• **Exercise instructions**
Make an exact copy of the data below, leaving out every picture.

• **Data below**
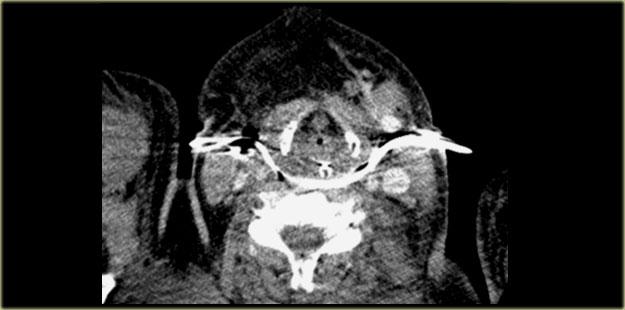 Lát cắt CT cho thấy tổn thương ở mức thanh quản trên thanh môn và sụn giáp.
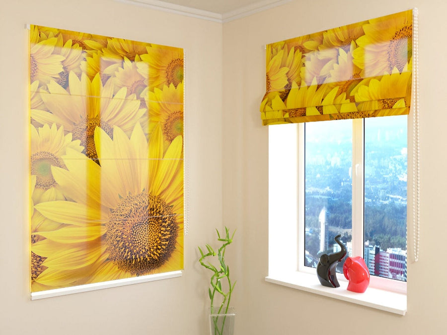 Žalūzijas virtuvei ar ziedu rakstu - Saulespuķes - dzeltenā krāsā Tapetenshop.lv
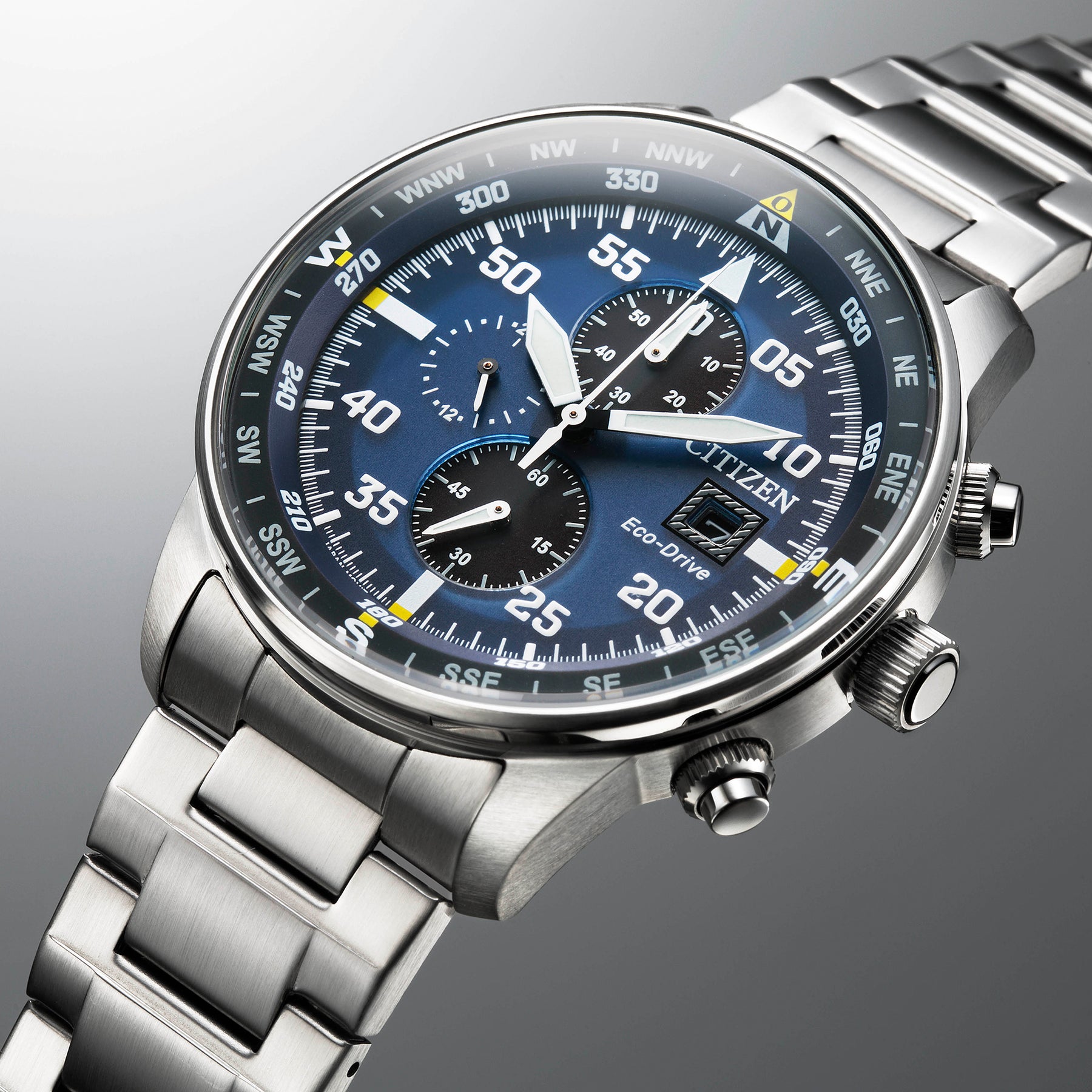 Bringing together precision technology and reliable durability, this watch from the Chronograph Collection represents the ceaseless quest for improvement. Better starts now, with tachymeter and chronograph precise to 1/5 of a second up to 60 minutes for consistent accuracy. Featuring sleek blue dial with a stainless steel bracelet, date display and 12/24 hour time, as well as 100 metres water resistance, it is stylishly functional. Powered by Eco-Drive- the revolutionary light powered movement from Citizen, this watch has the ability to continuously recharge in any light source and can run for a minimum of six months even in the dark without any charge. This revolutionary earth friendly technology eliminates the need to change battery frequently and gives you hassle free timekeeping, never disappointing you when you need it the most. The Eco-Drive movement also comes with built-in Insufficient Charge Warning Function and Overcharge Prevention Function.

• **Exercise result**
 Lát cắt CT cho thấy tổn thương ở mức thanh quản trên thanh môn và sụn giáp.
 Žalūzijas virtuvei ar ziedu rakstu - Saulespuķes - dzeltenā krāsā Tapetenshop.lv
 Bringing together precision technology and reliable durability, this watch from the Chronograph Collection represents the ceaseless quest for improvement. Better starts now, with tachymeter and chronograph precise to 1/5 of a second up to 60 minutes for consistent accuracy. Featuring sleek blue dial with a stainless steel bracelet, date display and 12/24 hour time, as well as 100 metres water resistance, it is stylishly functional. Powered by Eco-Drive- the revolutionary light powered movement from Citizen, this watch has the ability to continuously recharge in any light source and can run for a minimum of six months even in the dark without any charge. This revolutionary earth friendly technology eliminates the need to change battery frequently and gives you hassle free timekeeping, never disappointing you when you need it the most. The Eco-Drive movement also comes with built-in Insufficient Charge Warning Function and Overcharge Prevention Function.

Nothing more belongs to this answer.